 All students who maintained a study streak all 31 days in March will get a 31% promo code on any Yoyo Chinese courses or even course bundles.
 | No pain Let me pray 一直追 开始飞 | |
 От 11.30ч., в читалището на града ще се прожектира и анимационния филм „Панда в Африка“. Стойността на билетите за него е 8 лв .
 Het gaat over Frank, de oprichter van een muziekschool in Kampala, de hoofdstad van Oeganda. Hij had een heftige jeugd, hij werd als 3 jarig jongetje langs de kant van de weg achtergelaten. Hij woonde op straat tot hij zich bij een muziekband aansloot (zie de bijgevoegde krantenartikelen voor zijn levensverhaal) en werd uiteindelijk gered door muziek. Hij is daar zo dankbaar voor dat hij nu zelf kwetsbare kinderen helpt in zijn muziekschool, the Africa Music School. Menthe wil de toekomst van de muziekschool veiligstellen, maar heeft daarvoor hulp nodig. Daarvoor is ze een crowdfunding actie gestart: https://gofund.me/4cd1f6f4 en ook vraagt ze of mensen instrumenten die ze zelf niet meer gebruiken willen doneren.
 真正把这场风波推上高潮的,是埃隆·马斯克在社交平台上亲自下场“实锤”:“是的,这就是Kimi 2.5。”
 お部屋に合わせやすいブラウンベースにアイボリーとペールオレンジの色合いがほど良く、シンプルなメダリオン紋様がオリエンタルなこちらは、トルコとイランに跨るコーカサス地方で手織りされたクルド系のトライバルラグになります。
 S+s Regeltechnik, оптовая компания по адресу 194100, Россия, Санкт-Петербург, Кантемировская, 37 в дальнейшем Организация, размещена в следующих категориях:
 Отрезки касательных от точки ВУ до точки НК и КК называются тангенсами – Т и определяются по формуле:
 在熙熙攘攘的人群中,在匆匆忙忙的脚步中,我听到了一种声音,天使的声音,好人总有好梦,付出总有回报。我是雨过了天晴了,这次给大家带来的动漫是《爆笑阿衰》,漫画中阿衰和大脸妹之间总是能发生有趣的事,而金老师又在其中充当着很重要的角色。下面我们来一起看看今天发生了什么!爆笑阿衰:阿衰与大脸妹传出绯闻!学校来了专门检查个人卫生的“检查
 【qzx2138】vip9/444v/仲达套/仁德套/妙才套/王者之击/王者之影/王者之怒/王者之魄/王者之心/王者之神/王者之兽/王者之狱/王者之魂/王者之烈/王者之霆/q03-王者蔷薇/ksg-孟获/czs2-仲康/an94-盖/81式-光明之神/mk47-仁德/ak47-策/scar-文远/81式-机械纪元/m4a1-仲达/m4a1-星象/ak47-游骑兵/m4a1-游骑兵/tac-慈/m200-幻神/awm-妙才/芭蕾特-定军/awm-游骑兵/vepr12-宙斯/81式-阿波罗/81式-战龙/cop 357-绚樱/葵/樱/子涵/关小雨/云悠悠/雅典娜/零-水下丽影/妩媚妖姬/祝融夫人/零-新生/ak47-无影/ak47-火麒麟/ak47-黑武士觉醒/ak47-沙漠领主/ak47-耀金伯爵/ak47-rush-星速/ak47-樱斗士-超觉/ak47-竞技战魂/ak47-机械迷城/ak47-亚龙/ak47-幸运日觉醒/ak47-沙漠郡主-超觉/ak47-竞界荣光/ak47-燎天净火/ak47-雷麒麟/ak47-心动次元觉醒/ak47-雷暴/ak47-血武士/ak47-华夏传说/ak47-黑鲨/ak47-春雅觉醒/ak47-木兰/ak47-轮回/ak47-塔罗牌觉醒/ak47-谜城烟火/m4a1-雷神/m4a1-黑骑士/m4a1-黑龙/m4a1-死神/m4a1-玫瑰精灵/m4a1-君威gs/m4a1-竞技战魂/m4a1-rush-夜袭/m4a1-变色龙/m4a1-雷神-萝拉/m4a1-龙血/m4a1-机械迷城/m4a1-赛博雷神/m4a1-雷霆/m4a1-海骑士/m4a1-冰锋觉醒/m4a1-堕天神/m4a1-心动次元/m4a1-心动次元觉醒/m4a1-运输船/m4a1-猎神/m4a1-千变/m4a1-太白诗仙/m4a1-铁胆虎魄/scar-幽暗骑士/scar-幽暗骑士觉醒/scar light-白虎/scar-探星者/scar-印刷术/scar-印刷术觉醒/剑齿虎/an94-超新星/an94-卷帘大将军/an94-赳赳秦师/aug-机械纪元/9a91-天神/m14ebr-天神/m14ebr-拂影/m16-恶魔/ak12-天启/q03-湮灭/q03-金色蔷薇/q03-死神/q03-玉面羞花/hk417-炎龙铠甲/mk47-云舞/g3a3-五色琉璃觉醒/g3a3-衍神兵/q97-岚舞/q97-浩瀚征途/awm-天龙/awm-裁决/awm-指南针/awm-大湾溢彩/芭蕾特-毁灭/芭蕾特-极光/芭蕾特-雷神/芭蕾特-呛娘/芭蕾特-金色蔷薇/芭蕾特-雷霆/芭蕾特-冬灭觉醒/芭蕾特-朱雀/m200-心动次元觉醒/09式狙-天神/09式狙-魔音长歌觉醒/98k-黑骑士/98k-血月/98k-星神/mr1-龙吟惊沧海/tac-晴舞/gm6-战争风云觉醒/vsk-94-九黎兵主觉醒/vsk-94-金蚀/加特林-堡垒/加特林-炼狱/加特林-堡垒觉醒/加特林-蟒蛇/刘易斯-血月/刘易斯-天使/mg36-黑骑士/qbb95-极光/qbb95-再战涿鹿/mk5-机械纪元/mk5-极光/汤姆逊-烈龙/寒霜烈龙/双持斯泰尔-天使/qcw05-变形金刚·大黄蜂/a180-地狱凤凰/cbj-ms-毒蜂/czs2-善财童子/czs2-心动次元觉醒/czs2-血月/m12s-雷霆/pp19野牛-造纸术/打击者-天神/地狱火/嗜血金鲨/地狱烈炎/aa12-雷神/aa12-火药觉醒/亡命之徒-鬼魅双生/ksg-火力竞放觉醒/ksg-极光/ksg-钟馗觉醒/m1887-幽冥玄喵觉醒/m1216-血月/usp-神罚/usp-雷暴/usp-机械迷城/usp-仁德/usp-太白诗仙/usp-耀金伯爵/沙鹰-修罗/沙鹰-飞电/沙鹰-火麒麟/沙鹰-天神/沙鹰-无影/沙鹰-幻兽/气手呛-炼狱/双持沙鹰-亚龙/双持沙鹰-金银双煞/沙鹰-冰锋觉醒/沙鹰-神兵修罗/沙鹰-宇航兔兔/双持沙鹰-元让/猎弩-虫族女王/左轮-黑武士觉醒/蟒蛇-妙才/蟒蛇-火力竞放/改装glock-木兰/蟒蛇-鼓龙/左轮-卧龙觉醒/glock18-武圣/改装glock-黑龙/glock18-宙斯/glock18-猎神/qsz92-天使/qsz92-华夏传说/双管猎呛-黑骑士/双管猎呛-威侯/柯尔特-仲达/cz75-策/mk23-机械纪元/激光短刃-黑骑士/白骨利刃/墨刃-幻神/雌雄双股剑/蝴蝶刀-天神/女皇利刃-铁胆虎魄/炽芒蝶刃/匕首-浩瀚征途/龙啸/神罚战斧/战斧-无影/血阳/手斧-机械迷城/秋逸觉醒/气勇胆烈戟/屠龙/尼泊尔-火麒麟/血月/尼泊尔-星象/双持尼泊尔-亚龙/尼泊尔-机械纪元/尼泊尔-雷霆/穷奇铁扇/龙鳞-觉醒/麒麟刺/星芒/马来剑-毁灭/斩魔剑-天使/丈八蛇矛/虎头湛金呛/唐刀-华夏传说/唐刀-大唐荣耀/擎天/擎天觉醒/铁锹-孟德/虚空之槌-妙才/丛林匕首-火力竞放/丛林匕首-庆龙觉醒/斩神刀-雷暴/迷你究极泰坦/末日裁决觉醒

--- TASK DESCRIPTION ---
A verbatim transcription is required: the first line of the listing, the line containing "От 11.30ч., в", and every line between them.

--- WRITTEN ANSWER ---
 All students who maintained a study streak all 31 days in March will get a 31% promo code on any Yoyo Chinese courses or even course bundles.
 | No pain Let me pray 一直追 开始飞 | |
 От 11.30ч., в читалището на града ще се прожектира и анимационния филм „Панда в Африка“. Стойността на билетите за него е 8 лв .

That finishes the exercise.